There’s a rainbow breaking through the overcast tropical clouds as dawn breaks 80km from the coast of Caye Caulker, a small island in the Caribbean Sea.

I’m in Belize and I’m here for one reason: the Great Blue Hole. Lying near the center of the world famous Lighthouse Atoll, this diving icon is the largest submarine sinkhole on earth.

Its measurements on paper alone are impressive enough – spanning a whopping 300m across and more than 124m deep – but laying eyes on this behemoth takes it to a whole new level.

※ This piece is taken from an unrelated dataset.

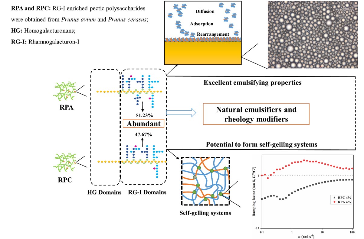 近日,食品科学与工程学院吴澎教授团队在《Food Hydrocolloids》在线发表了题为“Structural, rheological and emulsifying properties of RG-I enriched pectins from sweet and sour cherry pomaces”的研究论文。张士凯博士为该论文的第一作者,吴澎教授、艾仕云教授和Dongxiao Sun-Waterhouse教授为该论文的通讯作者。

Diving the Belize Blue Hole - Photo by Stef Mallaci
Diving the Belize Blue Hole – Photo by Stef Mallaci

Entering through the break in the reef, just as Jacques Cousteau did all those years ago, the blue hole’s geological formation is clearly visible from the top deck of the Maera, the flagship of Belize Diving Services (BDS). Admittedly it’s not as clear as it would be from the air – as seen in all the postcards – but nonetheless, it is still uniquely identifiable.

A total of 12 of us have made the two and a half hour journey from super laid-back Caye Caulker. Despite the BDS crew’s flawless navigation and stomach-lining cooked breakfast, it’s been somewhat of a bumpy ride due to unseasonable rain. However, once within the protected waters of the reef, all of us have the opportunity to contemplate the fact that we are about to tick off a dive which features near the very top of most divers’ bucket lists.

Submerging first to a 12m shelf, a sandy slope leads down towards the hole itself. There’s no abundance of marine life here (which may come as a surprise to anyone who has dived elsewhere in Belize) but that’s not the point of this site. Instead, this is a dive that is all about the earth’s natural geologic design. Any marine life is a bonus.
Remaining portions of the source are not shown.